In fact, so many Stanford students have preferred the recorded lecture to the physical version, the university recently moved to prohibit students from signing up for two courses at the same time in attempt to force students to be physically present in their classes. Students protested to the point that the policy has been shelved indefinitely. It appears unlikely that learning outside the traditional classroom can easily be quashed by registration restrictions.


And why should it, with costs and stresses involved? As someone who had experienced residential education 30 years ago and had to work full-time in the campus bookstore to afford it even then, I am increasingly convinced of Harden's criticisms. Additionally, I've begun to revise my own narrow understanding of the physicality of a shared learning experience. On a recent trip UC Irvine, where I’d been an undergraduate and which I’d not visited since 1986, I realized that my residential experience in the pre-Internet and digital media days had already been on the way to hybridity.

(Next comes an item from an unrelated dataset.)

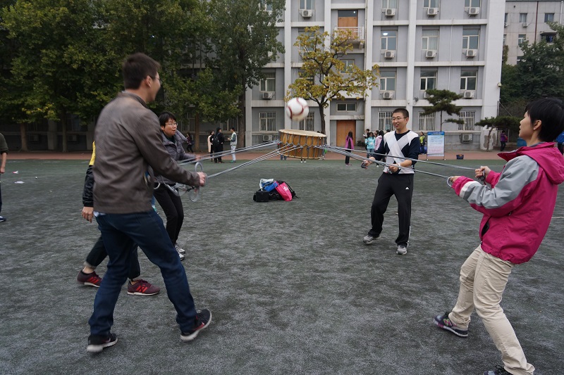 10月21日,赌博app下载 教师代表队七十余人参加了学校组织的趣味运动会。参赛选手不畏深秋雨后的寒冷,热情参与了“沙包攻垒”、“集体跳绳”、“毛毛虫竞速”、“三砖渡河”、“齐心颠球”等项目,并自发组织踢毽子等活动。趣味运动会为广大教师提供了强身健体、沟通交流的机会,为课余生活增添了无线欢笑和乐趣,同时也巩固了赌博app下载 的集体凝聚力和团结协作精神。

Expecting a delicious Proustian encounter with the long unseen place of learning, I bolted up to the second floor of the Humanities Hall to the patio where I used to study before classes. I was not disappointed. Much to my delight, the very same rusty metal tables still stood outside the classrooms. Hovering there, I recalled hours I’d spent on those uncomfortable welded seats pouring over Hegel’s introduction to the Phenomenology of the Spirit, distractedly chatting with friends, debating whether the dialectic was real, and whether Bergman’s Persona was deep or dated. 


And then, I had another thought: Many of my shared learning experiences back then had not occurred in the traditional classroom or even on campus.  In fact, most of the famous paintings I’d seen were in museums off campus or in other media. For films and art openings I’d travelled to theaters galleries with fellow students.


Snapping out of my willfully maudlin reverie, I approached a group of students returning from their Humanities courses and asked them if their university experience was more about physical or virtual presence. They responded was a blend, but admitted lectures of all sorts, physical or virtual, put them to sleep. The only virtue of the latter was the ability to fast forward.


“True,” I remarked. “There was a Metaphysics lecture here in the 1980s that was so boring my peers and I resorted to taking our heart rates to determine who was closest to unconsciousness.”


In that deadening boredom, we 1980s students had banded together in the classroom. Now it seems as if students in 2013 have a much broader often more inclusive understanding of “togetherness” than we had. They are also smarter about forming learning communities and choosier about teachers, syllabi, course formats and assignments.


With new tools, many digital and social, these students have the potential to advance the best aspects of shared university learning. Now that I live a highly virtual life on academic social media 24/7, I understand that the communities I knew, the teachers and peers, some of whom no longer walk this earth with me, were already part of a hybrid education that has become increasingly innovative and accessible to greater and different publics. I am eager to learn how higher education in its transition to wider digital publics might improve the lives and knowledge of my students, my children, and the many who come after.